You know what? I’m sorry. That was uncalled for. May we start over? You know what it is? I cannot STAND my life. I know this is not your fault, Ms. Newman, and I have no right to take out on you.
It’s just that I have this office job that I hate like syphilis. Every day that I don’t burn that place to the ground is a mystery of such eye-popping wonder, I can’t even tell you. Where did my life go, Ms. Newman? I used to be an attractive guy. My wife couldn’t keep her hands off me back in the day. And now LOOK at me. I’m a sad, fat old man. I don’t BLAME her for stiff-arming me in the sack. I wouldn’t want this paunchy old wreck pawing at me, either. The other day, I told my nine-year-old to get his PJs on, and he didn’t even SAY anything – he just threw an elbow to my groin and walked out of the room. And have SEEN my eyebrows? I’ve got these freaking Gandalf wizard-hairs that are threatening overtake my forehead. And if you feel like having a good cry, then try catching a glimpse of THIS body in the mirror as you step out of the shower. And you open the paper every day and you just feel the will to live draining away. And so finally some friend of yours asks you to do some dirt-baggity little show that nobody comes to and you come up with some half-baked idea about pooping in a bowl and eating it and you KNOW that this is a perfectly HORRIBLE idea, but it is the very best you can come up with because all the originality has been completely leached out of you by the pummeling vortex of impotent rage and thwarted hopes that your life has become. And so instead of weeping in the shower all Monday night, you do SOMETHING.

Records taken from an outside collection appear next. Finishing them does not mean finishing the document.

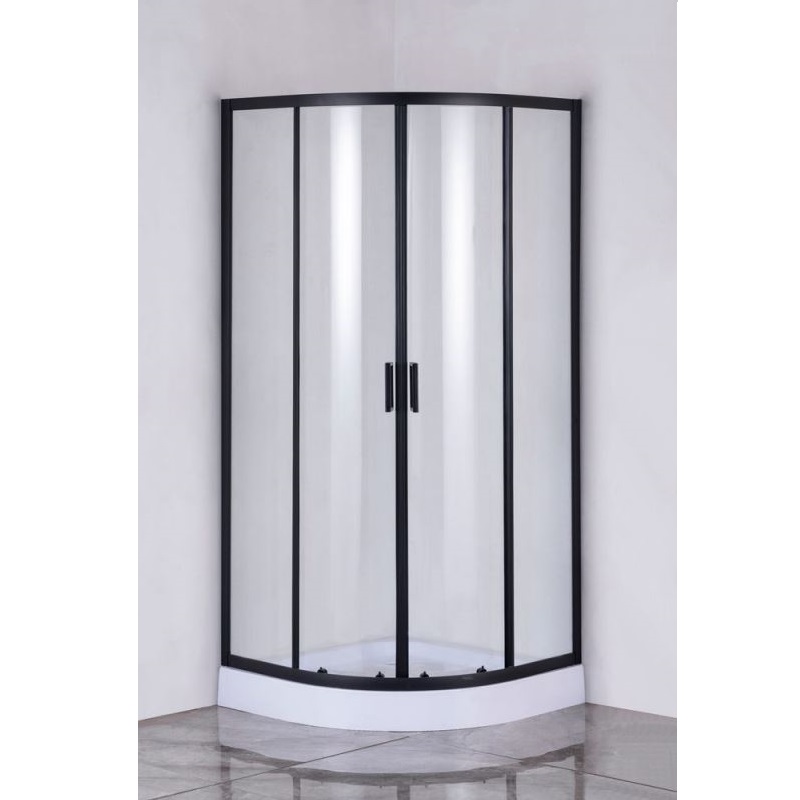 Душевой уголок Taliente TA имеет размер 89х89 см. Форма — четверть груга, цвет профиля — черный, исполнение полотна двери — прозрачное. Конструкция состоит из 4 секций: 2 неподвижных и раздвижных. Устанавливается в облицованный кафелем угол ванной комнаты на поддон.
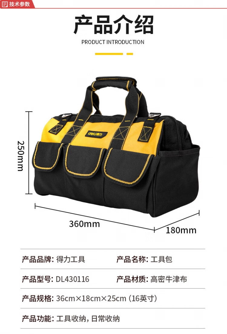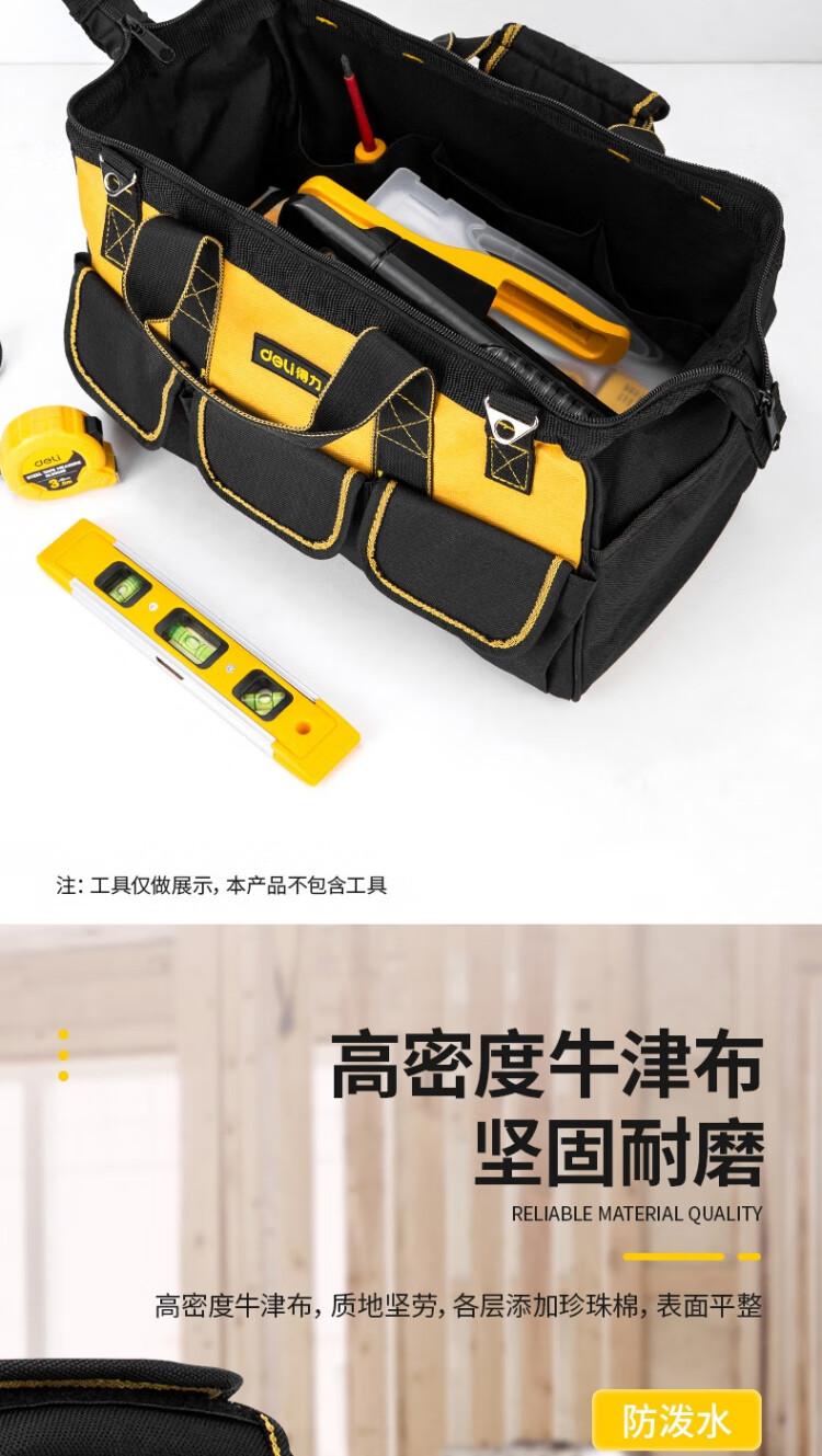 商品名稱:得力DL430116 工具包 加厚16英寸電工五金維修帆布工具包
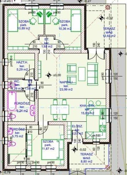 hangulatos első terasz (8,8 nm) és egy tágas hátsó terasz (13,64 nm) a kerti
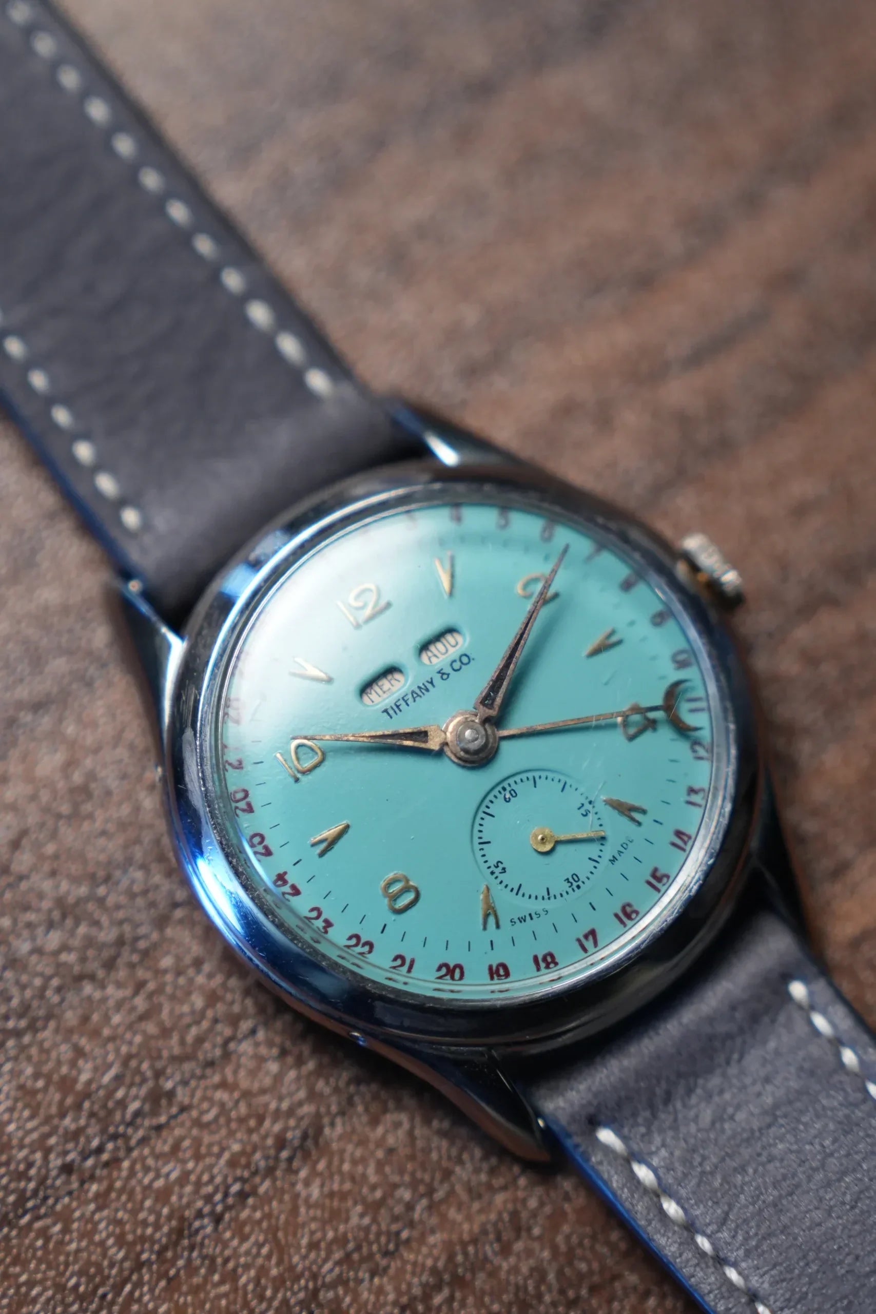 Antique Tiffany & Co. wristwatch from the 1940s-1950s, featuring a distinctive turquoise dial with gold Arabic numerals and a small seconds subdial. Housed in a classic stainless-steel case, this vintage timepiece reflects mid-century craftsmanship and timeless design. Paired with a leather strap, it’s a rare and refined collector’s piece.
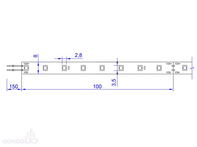 Двухслойная плата, белого цвета, имеет клеевой слой 3М с обратной стороны. Наличие клеевого слоя позволяет существенно упростить монтаж ленты, практически к любым жестким поверхностям.
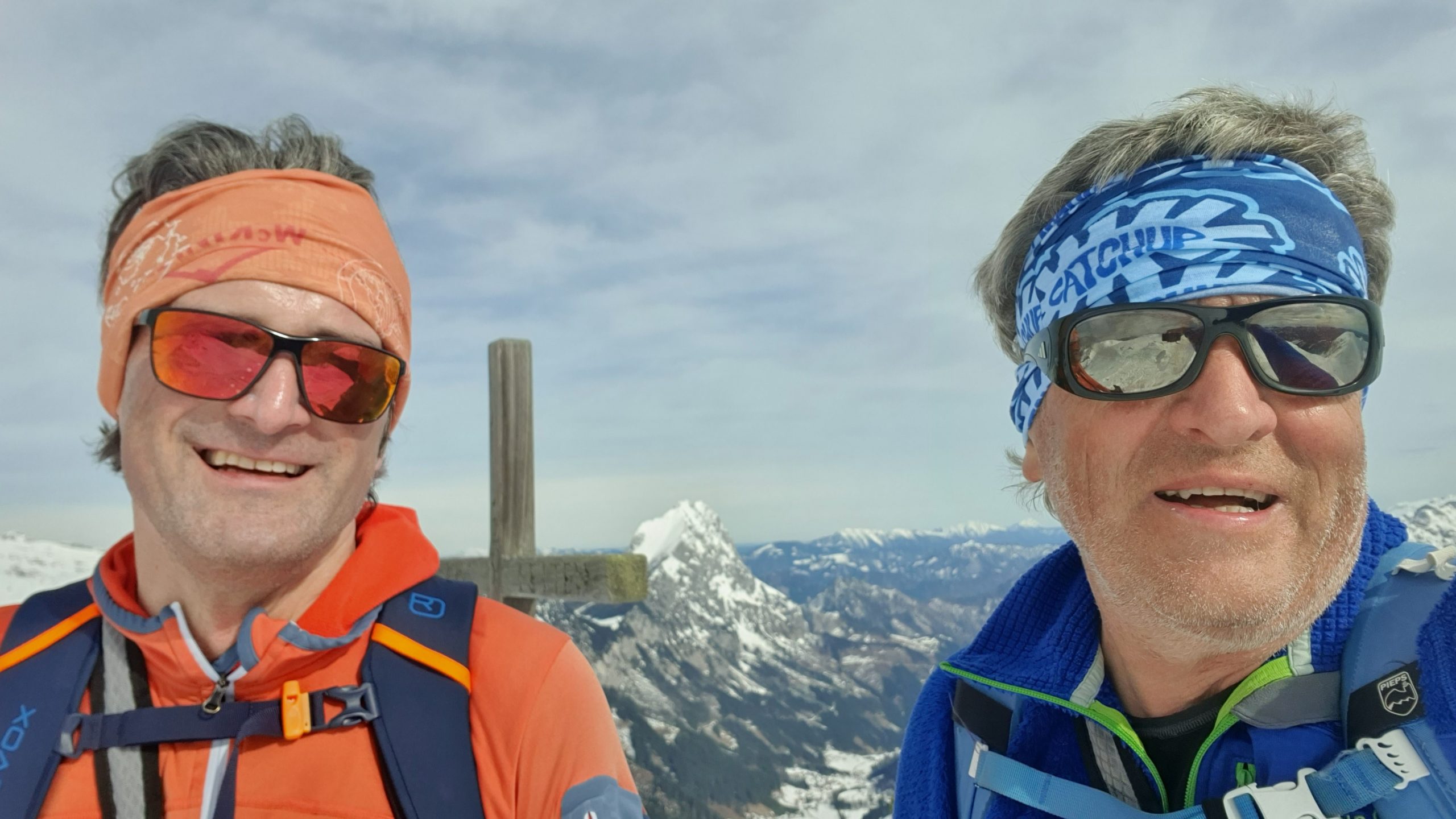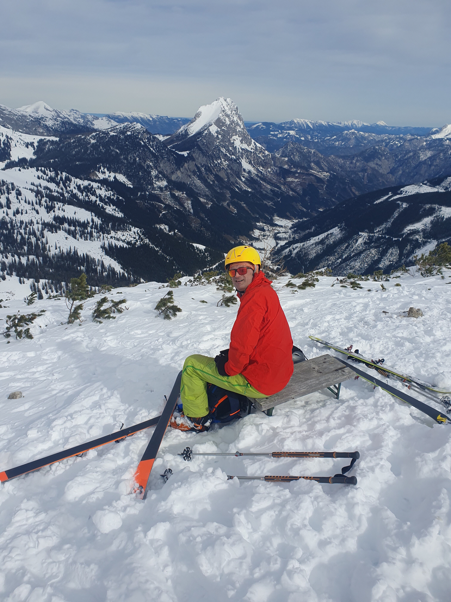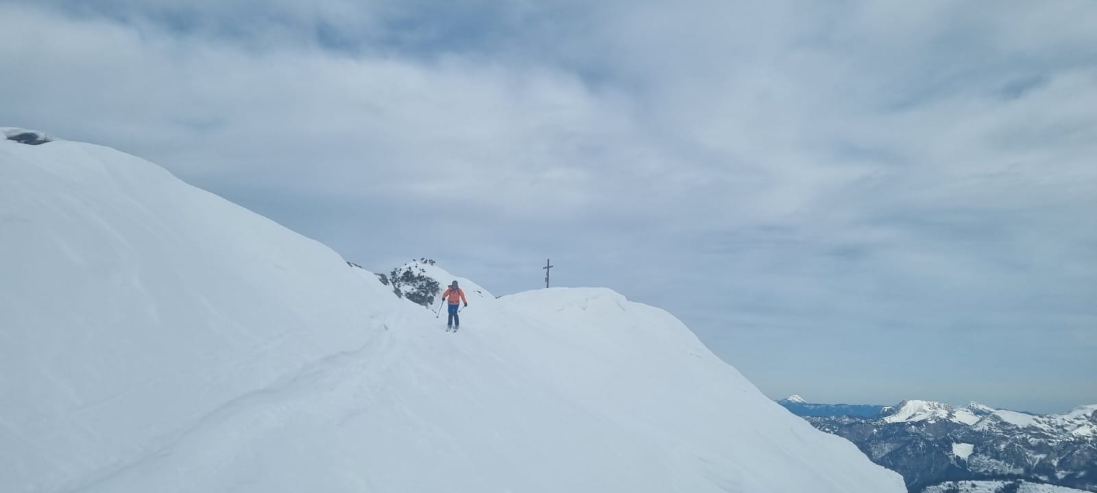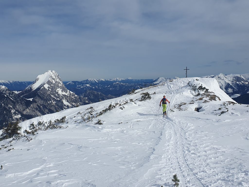 Die Schneebrücken über die im kammnahen Bereich sehr hohen Latschen haben gut gehalten und nach einer Aufstiegszeit von 3 Std 10 min (mit Pause) sind wir über die letzten flachen Meter zum Gipfelkreuz mit dem „Steirischen Matterhorn“, dem Lugauer im Hintergrund hinüber gewandert. Zu diesem Zeitpunkt hat im Gipfelbereich der Wind etwas aufgefrischt. Wir haben daher die Gipfelrast auf der sehr bequemen Holzbank etwas unterhalb des Kreuzes eher kurz gehalten.

So in that spirit, Ms. Newman, the spirit of not executing my co-workers and refraining from pulling a full-on all-male version of “Thelma and Louise” except that I have no real friends to speak of, so it would be more precisely just a “Thelma”, I respectfully request a donation in the amount of $10,000. And if you do NOT wish me to create a world premiere performance of pooping out your cookies and eating them, I would therefore request a donation of $20,000.